Le raisonnement repose sur une idée simple mais vertigineuse. Si des civilisations extraterrestres ont exploré notre système solaire ou mené des activités technologiques à proximité de la Terre, elles ont pu laisser derrière elles des particules microscopiques. Ces résidus, qu'il s'agisse de poussières issues de vaisseaux spatiaux, de matériaux de construction ou d'autres artefacts, auraient pu s'accumuler dans la régolithe lunaire — cette couche de poussière et de débris qui recouvre la surface de la Lune — sur des milliards d'années.

Contrairement à la Terre, la Lune ne possède pas d'atmosphère ni de tectonique des plaques active. Les traces qui s'y déposent ne sont donc pas altérées par l'érosion, les intempéries ou les bouleversements géologiques. La poussière lunaire agit comme une archive naturelle, un conservatoire potentiel de ce qui a pu s'y passer depuis la formation du satellite. C'est cette stabilité exceptionnelle qui rend l'idée du Dr Pinault et de son équipe si intéressante aux yeux de la communauté scientifique.

La méthode proposée consisterait à analyser finement des échantillons de régolithe à la recherche de signatures technologiques — des particules dont la forme, la composition ou la structure ne pourraient pas s'expliquer par des processus naturels. Il ne s'agit pas de chercher des vaisseaux spatiaux ou des objets macroscopiques, mais bien des indices à l'échelle microscopique, voire nanoscopique, qui pourraient témoigner d'une activité technologique passée.

Cette approche marque un changement de paradigme dans la recherche de vie extraterrestre. Depuis des décennies, le programme SETI — Search for Extraterrestrial Intelligence — se concentre principalement sur l'écoute de signaux radio ou l'observation de phénomènes optiques anormaux dans l'espace lointain. L'idée de chercher des preuves physiques, matérielles, dans un environnement aussi proche que la Lune, ouvre une nouvelle voie. Elle s'inscrit dans un courant plus large de l'astrobiologie et de l'archéologie spatiale, qui cherche à détecter non pas des signaux intentionnels, mais des traces involontaires de passage.

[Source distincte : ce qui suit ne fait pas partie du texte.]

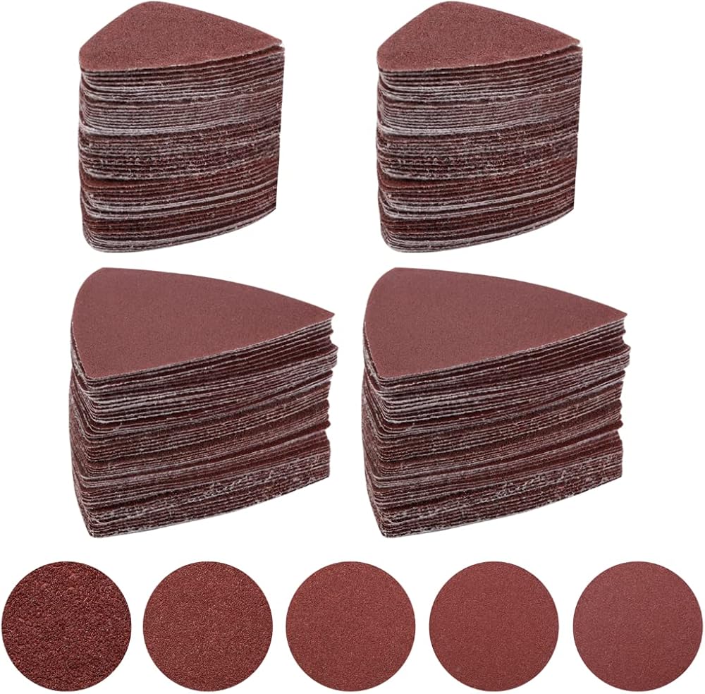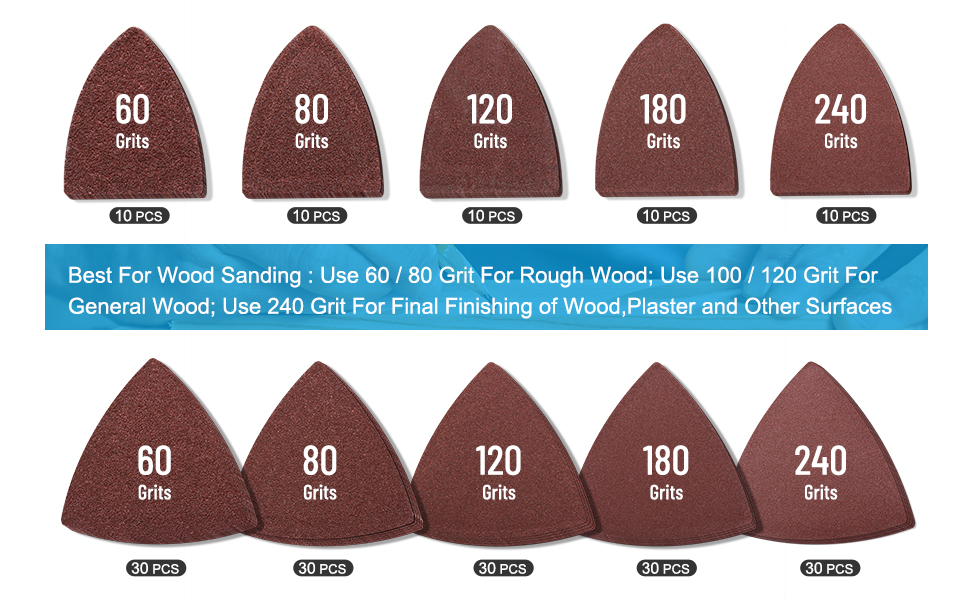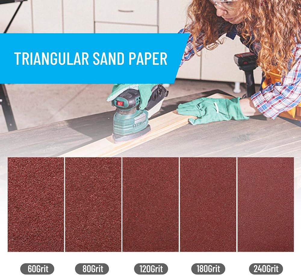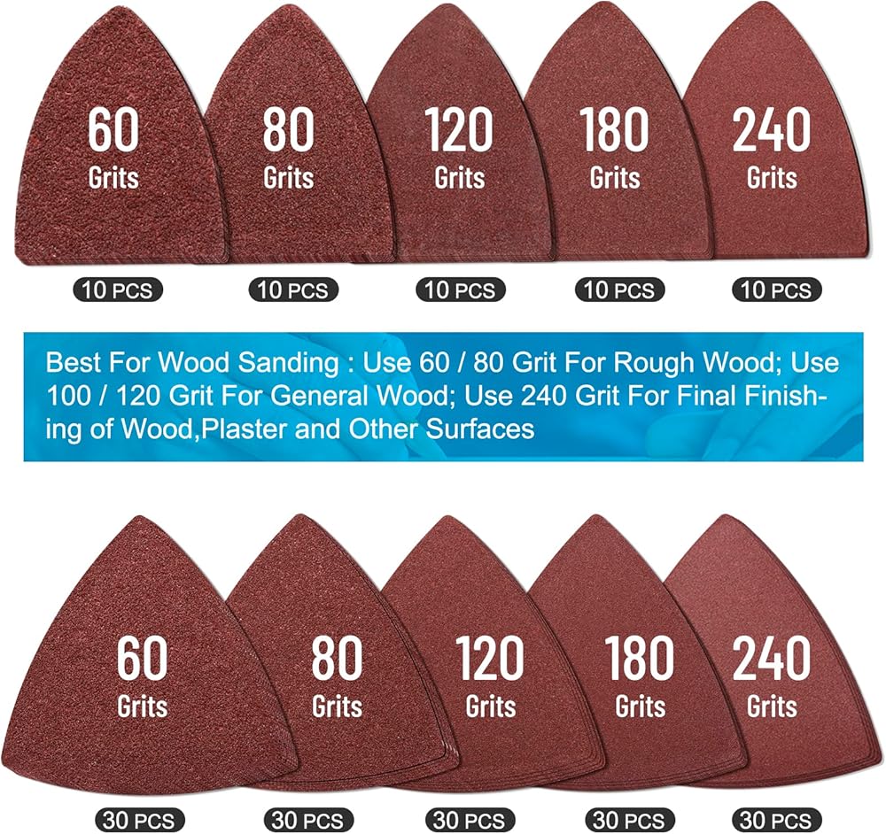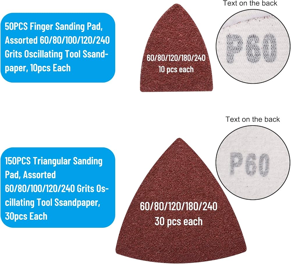 Package Detail: 200PCS Triangle Oscillating Multi Tool Sanding Pads contains 150Pcs 3-1/8 Inch Oscillating Tool Sandpaper for Triangle Mulool Sanding Pads 30pcs each, and 50PCS Finger Sandpaper 10pcs each,assorted 60/80/120/180/240 Grits
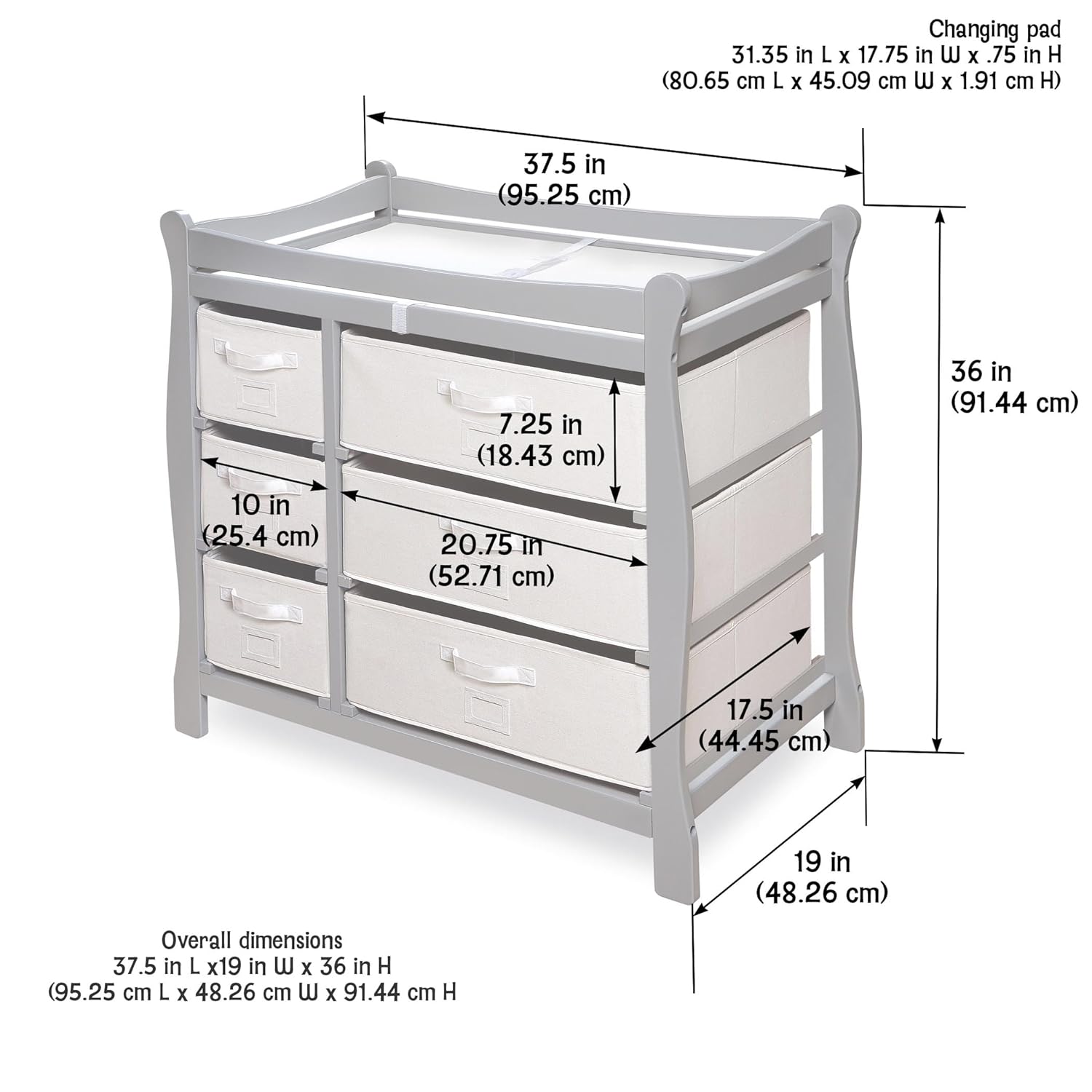 - Ample room for diaper changing on top with six storage baskets in two sizes included below
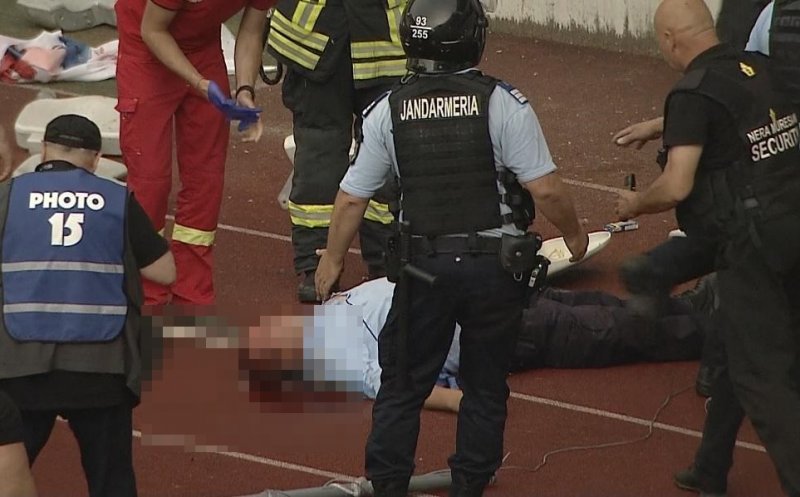 “Pacient în vârstă de 45 de ani, adus de pe stadion unde își îndeplinea funcția de jandarm, a fost diagnosticat la Unitatea de Primire a Urgențelor (UPU) cu traumatism cranio-cerebral, grad 1, fractură cu înfundare parietală stânga, plagă contuză parietală stânga. După evaluare, stabilizare a fost trimis la Clinica Neurochirurgie, unde este în observație la secția de terapie intensivă”, a declarat Adela Golea, medicul şef de la UPU – Serviciul Mobil de Urgență Reanimare Descarcerare Cluj.
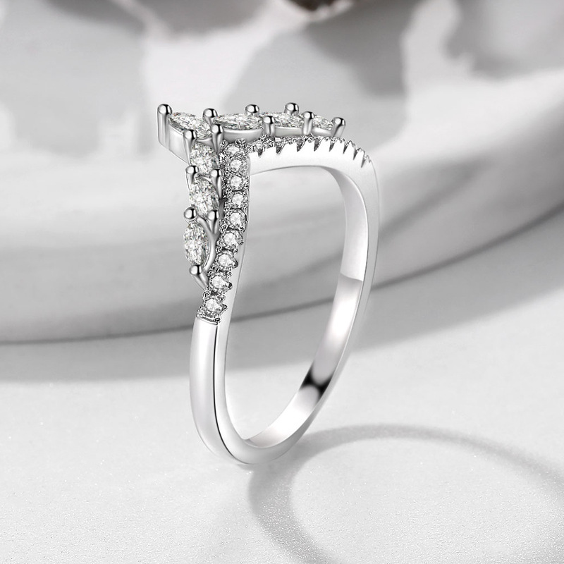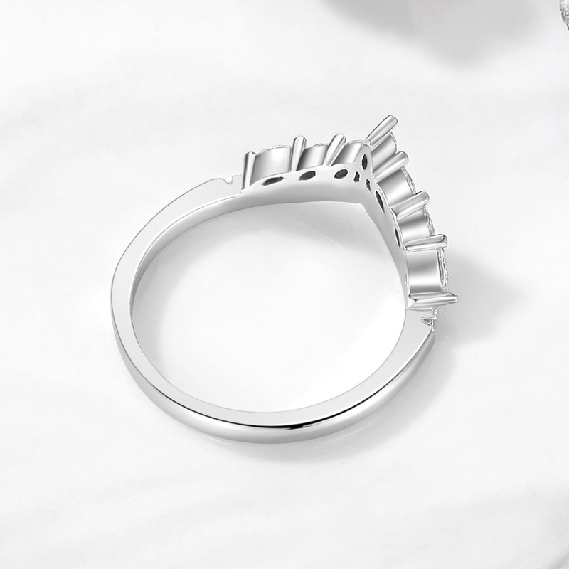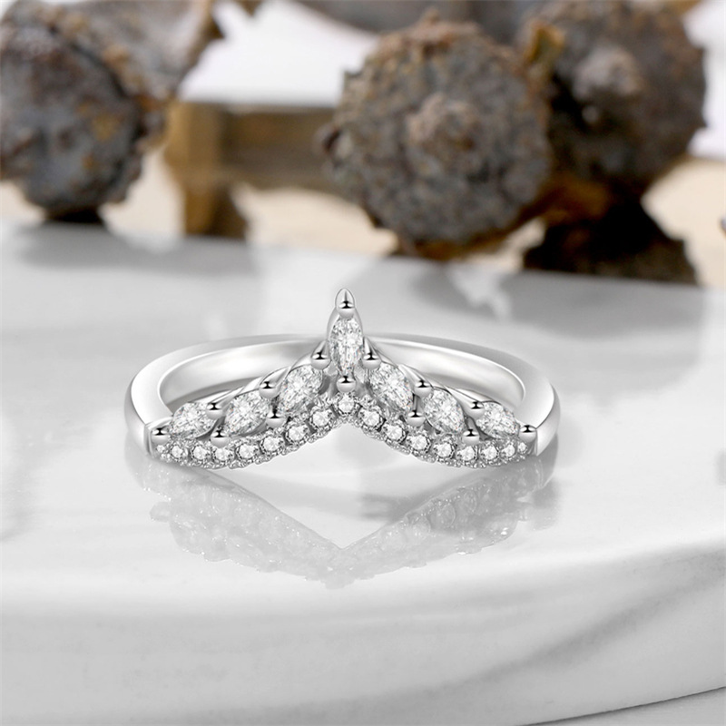925纯银V型许愿皇冠莫桑石戒指女轻奢气质食指排戒叠戴排钻钻戒女
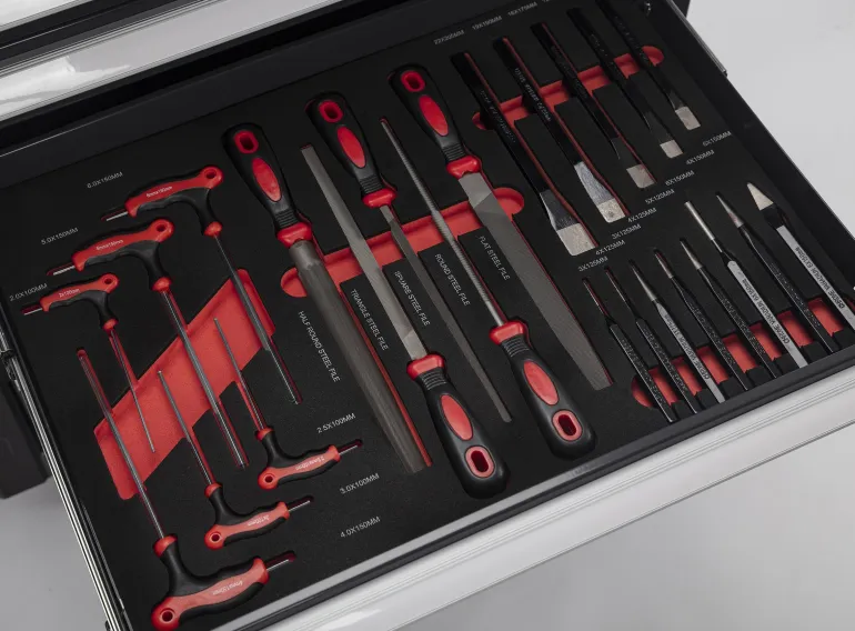 Kuusiokoloavaimet T-kahvalla 2×100 mm, 2,5×100 mm, 3×100 mm, 4×150 mm, 5×150 mm, 6×150 mm. Viilat – tasainen, pyöreä, puolipyöreä, kolmio ja neliö. Iskutaltat 11×145 mm, 12,7×160 mm, 16×175 mm, 19×190 mm ja 22×205 mm. Tuurna 3×125 mm, 4×125 mm, 3×125 mm, 4×125 mm, 5×125 mm, 6×150 mm ja 4×150 mm.
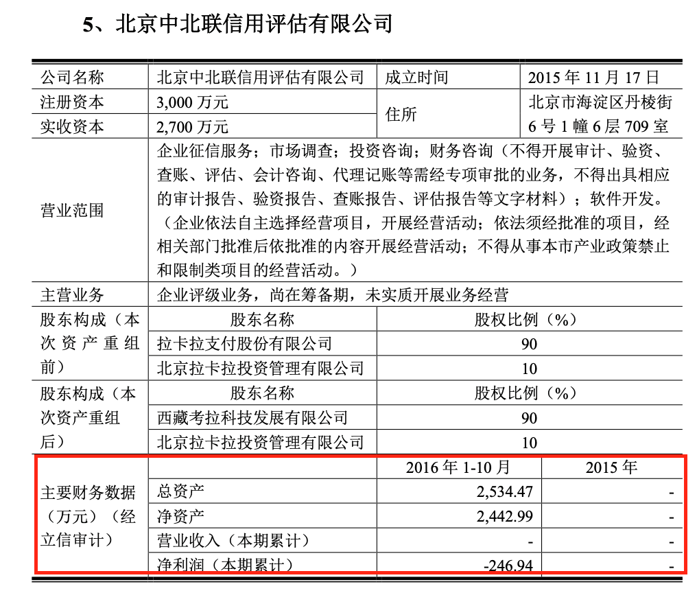 隨著其推動(dòng)上市進(jìn)程,拉卡拉聚焦主營業(yè)務(wù),在2016年8月集中剝離了增值金融等在內(nèi)的非主營業(yè)務(wù),如主營小額貸款業(yè)務(wù)的拉卡拉小貸、眾籌業(yè)務(wù)的考拉眾籌、影業(yè)業(yè)務(wù)的拉卡拉影業(yè)等,當(dāng)然也包括主營企業(yè)征信業(yè)務(wù)的中北聯(lián)。

La Lune présente un avantage stratégique : elle est accessible. Les missions robotiques et, à terme, habitées, pourraient y prélever des échantillons et les analyser sur place ou les rapporter sur Terre. Les missions Apollo ont déjà rapporté des centaines de kilos de roches et de poussière lunaires, qui continuent d'être étudiées. De nouvelles missions, notamment dans le cadre du programme Artemis, prévoient de retourner sur le sol lunaire et d'en rapporter davantage de matériel.

L'équipe du Dr Pinault devra toutefois relever un défi de taille : distinguer une particule d'origine technologique extraterrestre d'une particule naturelle ou d'un résidu laissé par les missions humaines. La contamination par les activités spatiales terrestres est un risque majeur. Les chercheurs devront donc établir des protocoles très stricts pour identifier des signatures qui ne pourraient pas être expliquées autrement.

Pour l'instant, il s'agit d'une proposition stratégique, d'une feuille de route scientifique plutôt que d'une découverte. Mais elle a le mérite de poser une question nouvelle : et si les preuves que nous cherchons depuis si longtemps étaient déjà là, enfouies dans la poussière, attendant qu'on les remarque ? La Lune, ce témoin silencieux de l'histoire du système solaire, pourrait bien devenir le prochain terrain de chasse des chasseurs d'extraterrestres.